Try out this very yummy chicken recepi with Mango Salad.

Per Serve

Calories:  270
Fat: 2.0grams
Protein: 39 grams
Carbohydrate: 18.7 grams
Fibre: 2.1 grams

 Ingredients:

1 sprig of fresh mint leaves
10 ml of Lime Juice (bottled)
50 ml of Lemon Juice (bottled)
1/2 Mango
20 ml Tamari (wheat free soya sauce)
Approximately 10 cm of Cucumber
150 gram chicken tenderloins
1/5 of Onion
2 tsp of bottled crushed Ginger
2 wooden skewers

Method:

1. Thread tenderloins onto skewers and marinate in a refrigerator overnight in the lemon juice mixed with the tamari sauce and half the ginger. If you can’t marinate overnight, then 10 minutes will be sufficient; overnight allows the flavours to infuse.

2. Cook chicken skewers in non-stick frying pan or on BBQ for 10-15 minutes, basting with marinade as they cook.
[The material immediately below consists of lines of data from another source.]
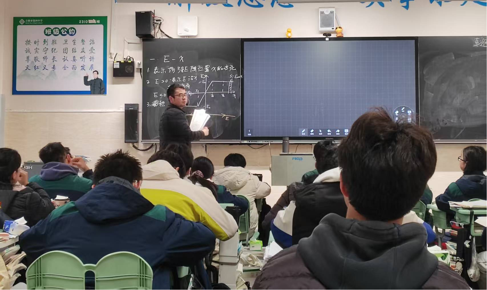 葛礼丰老师的课程内容为电场中的图像问题。从图像的横纵坐标的含义到方向的规定,再结合具体实例,详细梳理了E-X和图像的意义,由浅入深。大部分学生听的也非常认真,积极回应。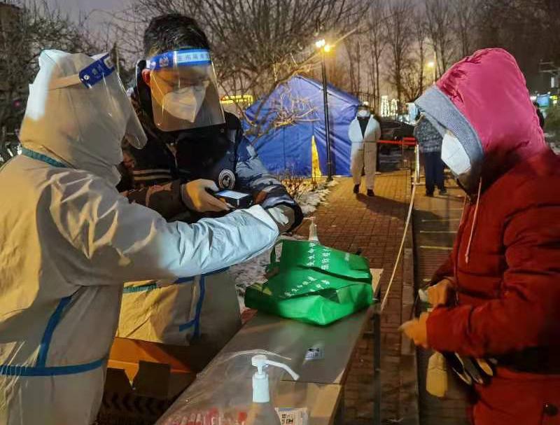 学子赵寄童于北京市大兴区清源街道参与了以社区大规模核酸检测为目的的社会实践活动。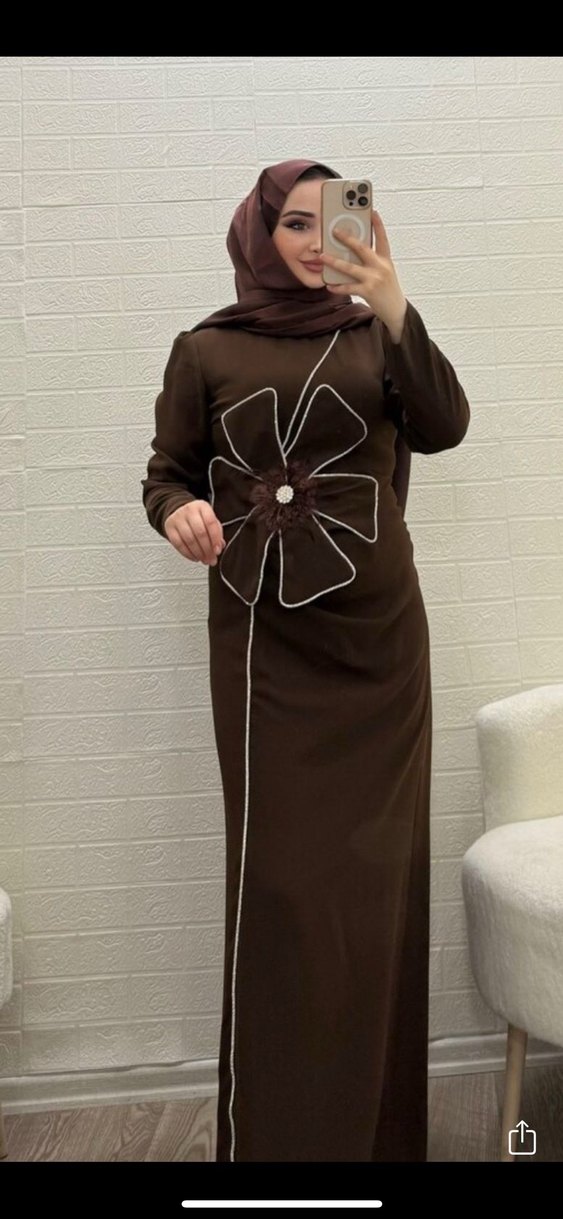 Kahverengi uzun kollu, yuvarlak yakalı, nakışlı büyük çiçek detayı ve kemerli düzenli kesim elbise. Günlük kullanıma uygun, minimalist tarzda. Beden etiketi yoktur özel diktirdim çünkü giyen kişi 75 kilo 162 boyla giydi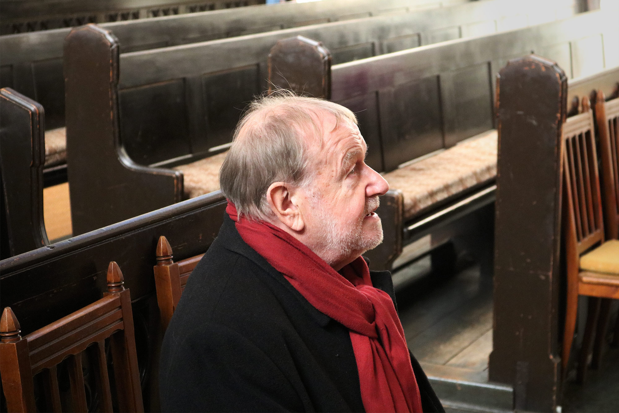 Was tun wir hier heute? Wir eröffnen die nun schon achte Verhüllung des Altarbildes dieser Kirche. Für die kommenden Wochen der Passionszeit wird nun das Verhüllungsbild von Lothar Boehme hier alle Blicke auf sich ziehen. Doch was hat das zu bedeuten? Als ich mich gedanklich auf den Weg zu diesem Abend machte, kam mir ein Vergleich in den Sinn – ein Vergleich, bei dem man ziemlich hoch ins Bücherregal greifen muss. Aber das ist angemessen. Ich möchte das, was hier heute tun, in Beziehung zu einem Klassiker der deutschen Literatur setzen. Ein Klassiker ist bekanntlich ein Buch, dessen Titel viele noch kennen, das aber kaum jemand gelesen hat. Ich gebe zu, dass auch ich diesen Klassiker nicht ganz gelesen habe – er soll, im Vertrauen gesagt, auch ziemlich langweilig sein. Aber es gibt darin eine Szene, die habe ich schon gelesen und sie kann uns auf doppelte Weise die Augen für die heutige Altarverhüllung öffnen.
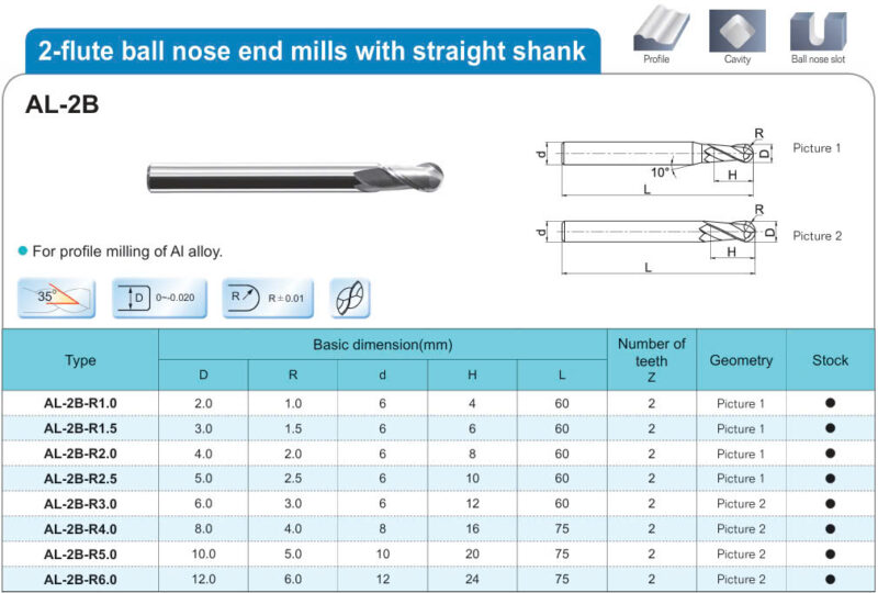 Dao phay cầu cho Nhôm 2 me mã AL-2B hãng ZCCCT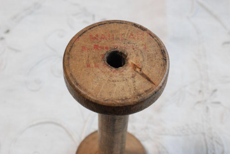 アンティーク スタンプ付き木製スプール 糸巻. [D]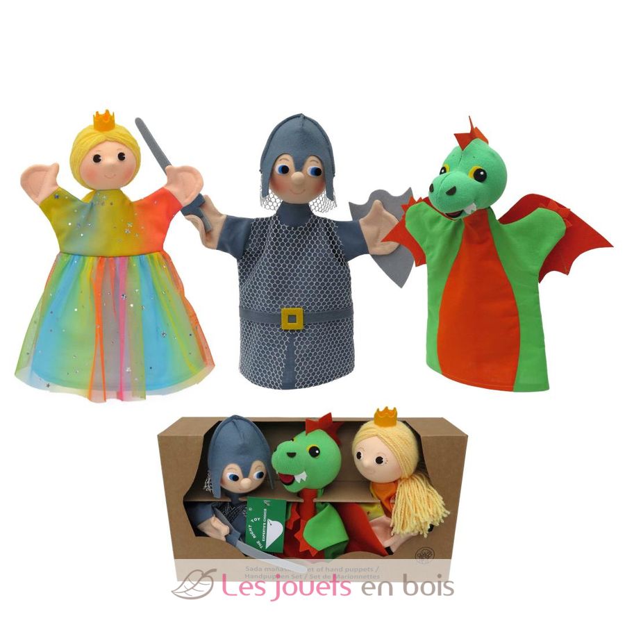 Set de 3 marionetas de mano con temática de dragón: un dragón, un caballero y una princesa.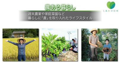 「農ある暮 らし」の魅力を伝える動画とガイドブックの活用方法は、県ホームページの以下のサイトで公開している。https://www.pref.nagano.lg.jp /noson /nouarukurashi-tools.h tml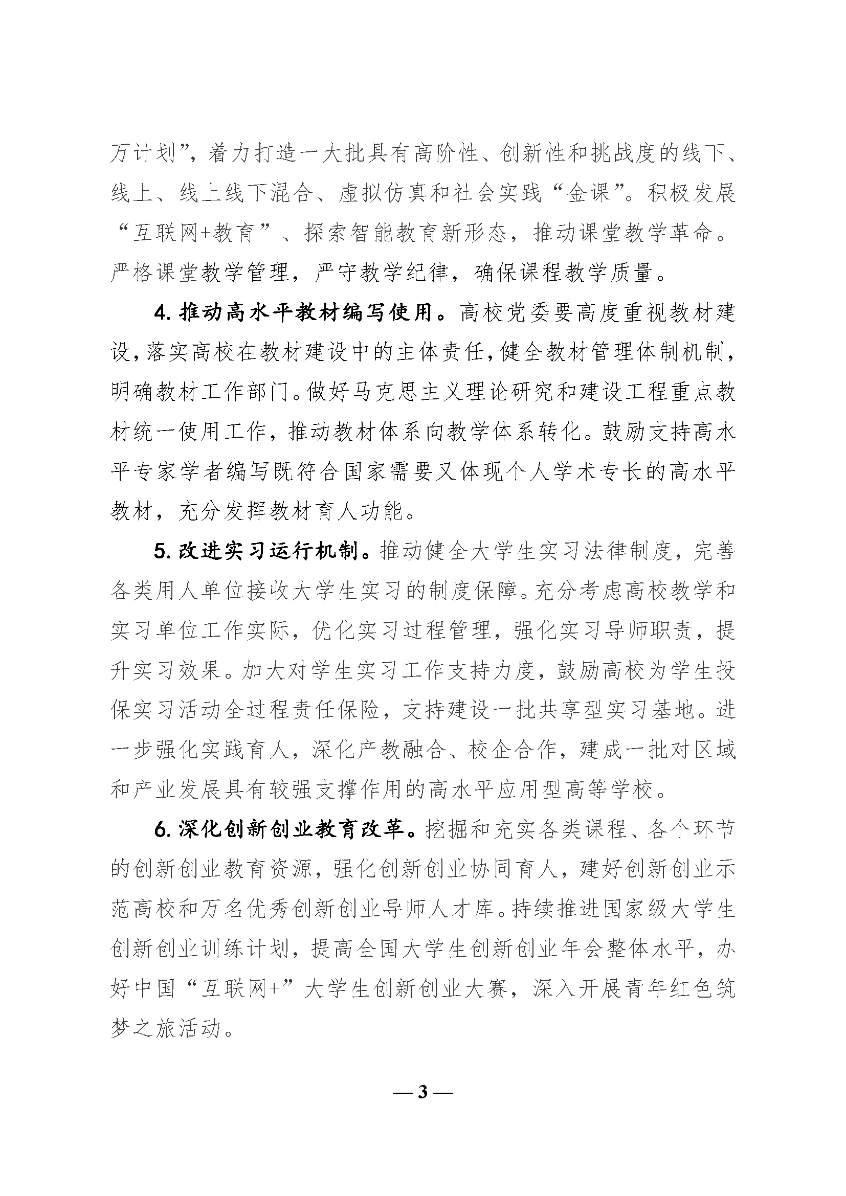 教育部关于深化本科公司产品改革全面提高人才培养质量的意见(教高〔2019〕6号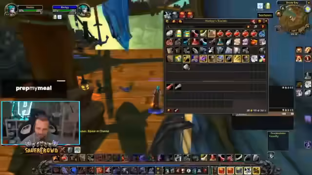 12:03:00Der Streamer und sein Begleiter erreichen Booty Bay und erhalten den erwarteten Buff. Es gibt eine kleine Verzögerung, da einer der Spieler kein Flugzeug hat, was die Zeitplanung etwas erschwert. Nachdem der Buff erhalten wurde, beschließen sie, den Flugpunkt nach Stormwind anzusteuern. Da der Begleiter kein Reittier besitzt, wird beschlossen, stattdessen zu schwimmen, was schneller ist. Dies ist Teil der Vorbereitung für die bevorstehenden Aktivitäten.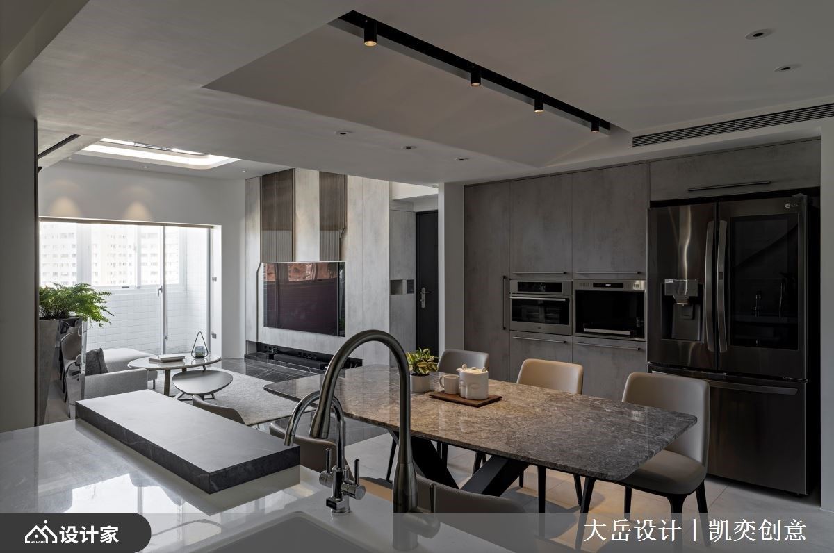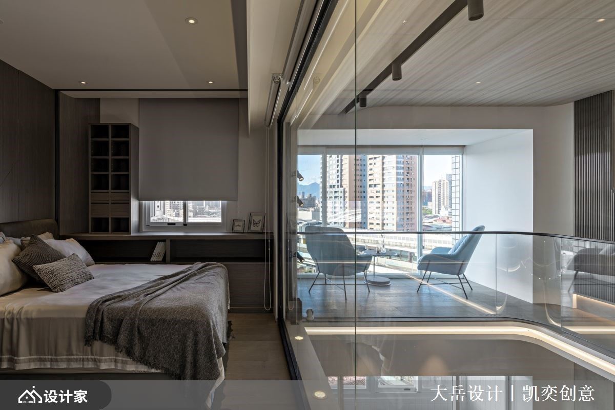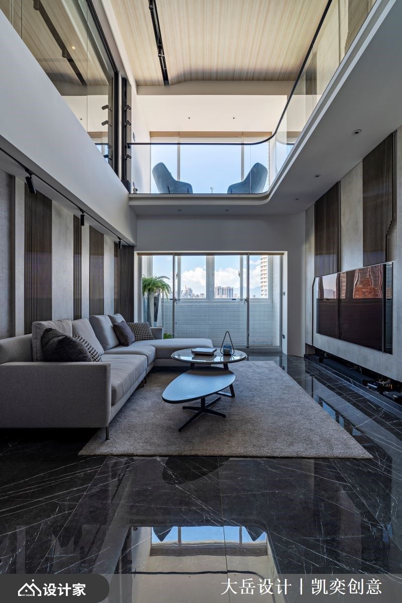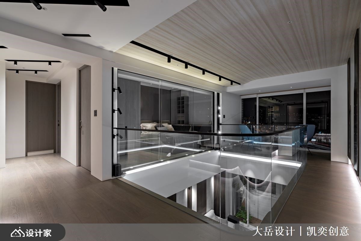 复层老屋改造成人文现代宅,依循挑高建筑体优势,玻璃帷幕引入户外自然光与天际景致,开阔格局延伸客厅尺度,让人一享舒心畅快。 打破制式墙体设计样貌,客厅电视墙结合格栅立面,且延伸至二楼壁面,对面的沙发背墙延伸此元素,达到相互呼应;壁面轻洒晕黄的嵌灯照明,一旁则以蝴蝶造型、绿意植物妆点端景视觉,交织写意、雅致的现代风韵律,叙写生活即艺术。梁下安排餐厨空间,以石材餐桌为核心,石材的自然纹理与朴实灰阶电器柜的立面,创造一股内敛的自然力量。 通往二楼的踏阶与壁面嵌入照明设计,贴心的设计细节让行走的人们更显安心,并持续延伸到二楼的地面运用,替现代风的居家场域注入优雅的情境氛围。二楼设计弧形玻璃帷幕串连主卧、多功能室与观景区,以玻璃作为通透隔间,让自然光流淌一室,展现明亮视野;天花板则以木纹质感呈现,挹注温润的柔美气息。 小编的最爱 主卧在对外的玻璃隔间上搭配窗帘,创造出个人隐私;多功能室藉由渐层的玻璃拉门界定,是小朋友游戏、谈天与亲友到访的休憩处。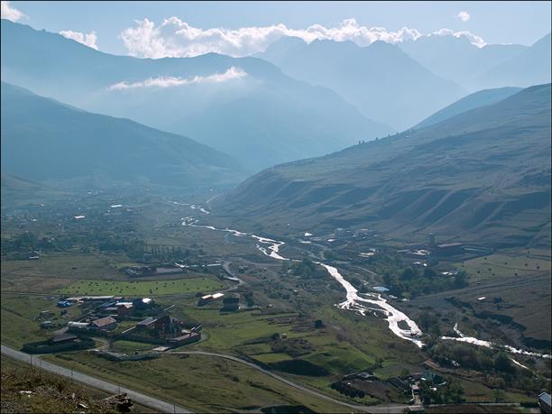Бросив прощальный взгляд на бурный Ардон, проточивший так и не увиденные нами теснины Алагирского ущелья, мы втиснулись в свой автобус и отправились к другой знаменитой осетинской реке — Фиагдон. Северную Осетию, что, впрочем, характерно для Кавказа — часто называют музеем под открытым небом. И создали этот музей четыре горные речки: уже упоминавшийся Ардон; Фиагдон, проточивший живописную Куртатинскую долину; Гизельдон, образовавший богатое уникальными памятниками Даргавское ущелье. И Урух в самом далёком и труднодоступном Дигорском ущелье. Высокогорная Дигория — это самая удалённая юго-западная часть Северной Осетии с дикой и необыкновенно величественной природой. Находится она в стороне от проторенных дорог и доступна только подготовленным туристам и альпинистам. А вот первые три ущелья мы хоть краешком глаза, но увидели…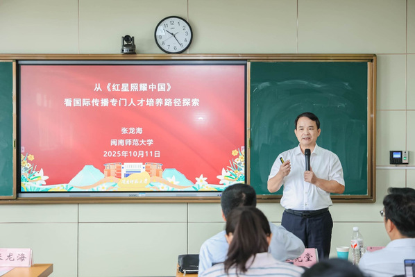 张龙海教授以“从《红星照耀中国》看国际传播专门人才培养路径探索”为题,深刻阐释了新文科建设背景下外语学科育人路径的创新之道。他提出构建“三位一体”的外语人才培养体系:在语言根基维度,着力夯实学生“有话能说”的语言能力、“有话可说”的知识储备和“有话会说”的话术素养;在实践能力层面,注重培养学生的跨文化交际意识,解决“有话好说”问题;在价值塑造领域,积极践行五育融合理念,筑牢“有话敢说”的底气担当。张教授强调,该体系旨在培养“讲好中国故事,传播好中国声音”,有力推动我们国家的国际传播能力建设的专门人才。
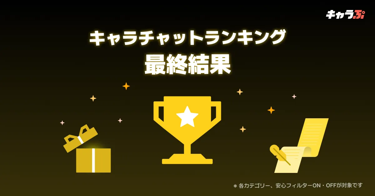 「キャラチャットランキング」は、ユーザー自らが設定し、公開したAIキャラクターのチャット数に基づいて順位を決定するイベントです。参加中、チャットや応援メッセージが次々と投稿され、キャラクター同士の競争が白熱しました。特に注目されたのは、あるキャラクターの圧倒的な支持です。このキャラクターは、終始トップを維持し続け、結果として最多優勝者に輝きました。優勝者には、40万円分のAmazonギフト券が贈呈されます。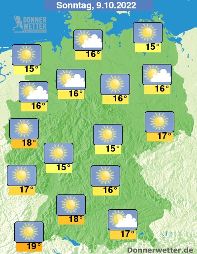 Am Sonntag strahlt die Sonne von einem meist wolkenlosen Himmel, hier und da können ein paar Wolken durchziehen. dabei bleibt es trocken. Die Temperatur steigt auf 15 Grad im Vogtland und bis etwa 19 Grad am Oberrhein.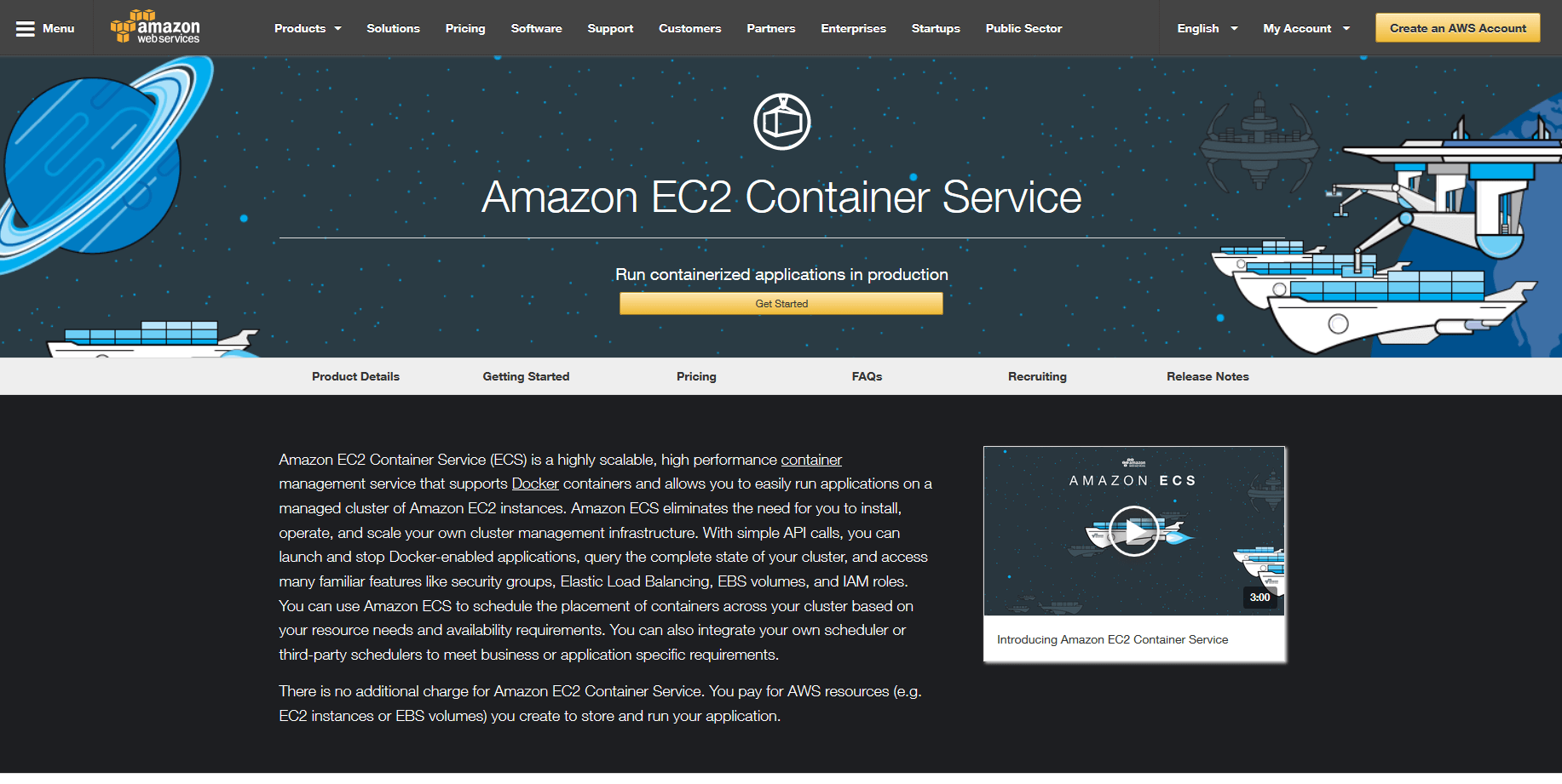 Desde abril de 2015, el gigante digital Amazon también ofrece soluciones de virtualización basadas en contenedores bajo el nombre de Amazon Elastic Container Service (ECS) en su plataforma en la nube AWS (Amazon Web Service). ECS solo soporta el formato Docker para los contenedores.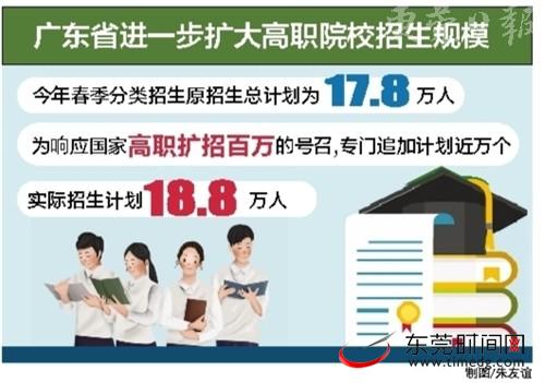 东莞时间网3月20日讯 2019年是广东省普通高校春季分类考试招生实施的第一年,且将成为广东省高职院校招生录取的主要渠道。今年我省春季分类招生统一招生录取时间已出炉,且在原计划招生名额的基础上再增近万名。

3. Meanwhile, prepare the Mango Salad: remove the skin and stone from the mango and finely dice. Finely chop the onion, cucumber and mint leaves’ combine in a bowl with the mango, remaining ginger, sweet chilli sauce and lime juice to make salsa, stirring gently to avoid bruising the fruit. Spoon salsa over kebabs and serve.

Chefs suggestion:
– If usuing wooden skewers, place skewers in chilled water for 1 hour before use to avoid them burning on the barbecue.
– For gluten free, ensure the brand of sweet chilli sauce you are using is gluten free.